I am hopeful that my reflections on the last five years have stirred something in you.  Many of us think too small when we look for God's work in our lives.  I still hear people say they are looking for God's leading on where they work, where they live, and in their financial lives.  None of those things are bad or wrong, but the context of it is very important. 

Are you looking for a new job because you are dissatisfied with your current one?  Are you not making the money you want to make or you are having trouble getting along with people there? 

With regard to where you live, do you want to move because you want a bigger house in "that" neighborhood? 

With finances, do you desire to see change because you are spending too much and want someone to save you from yourself? 

These difficulties often are not a sign that God wants you to change your context.  In fact, He may instead want to change you and keep you in your current circumstances.

I believe God is challenging us right now to truly throw caution to the wind.  He wants us to pray bold prayers that He would make us better followers, that we would have greater sensitivity to His Spirit, and that we would follow wherever He says to go.  He is looking for servants who will be filled with and follow His Spirit every hour of every day.

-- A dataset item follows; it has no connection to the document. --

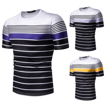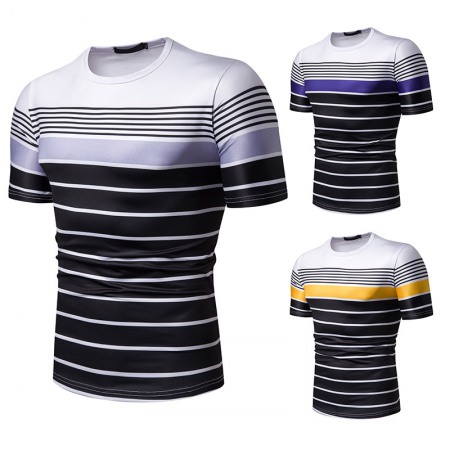 New Summer Men's Short-Sleeved T-Shirt Mens Contrast Striped Slim Casual T-Shirt

If you and I achieve this type of relationship with Him, nothing will be the same.  He might take you to a different part of the world, but His real goal is to do a complete tear-down and rebuild.  He will do what needs to be done to make that happen whether it is moving you to a different place or keeping you where you are with a new focus on Him.  If we will just let God have complete control of everything, He will make us into people who will truly carry the Good News into this world in authentic ways.  He will cause us to live in such a way that people will look at us and recognize there is something different and better and God-sized.  He will turn you and I into people who LIVE the Good News.

I challenge you to turn your life over to God in that way today.  I don't pretend to have that all figured out, but I am certain that the Lord wants daily surrender from us, and that in that, we will see Him train us, change us, and will move in unexpected God-sized ways that are unmistakable to us and to those around us.  Will you make that commitment today?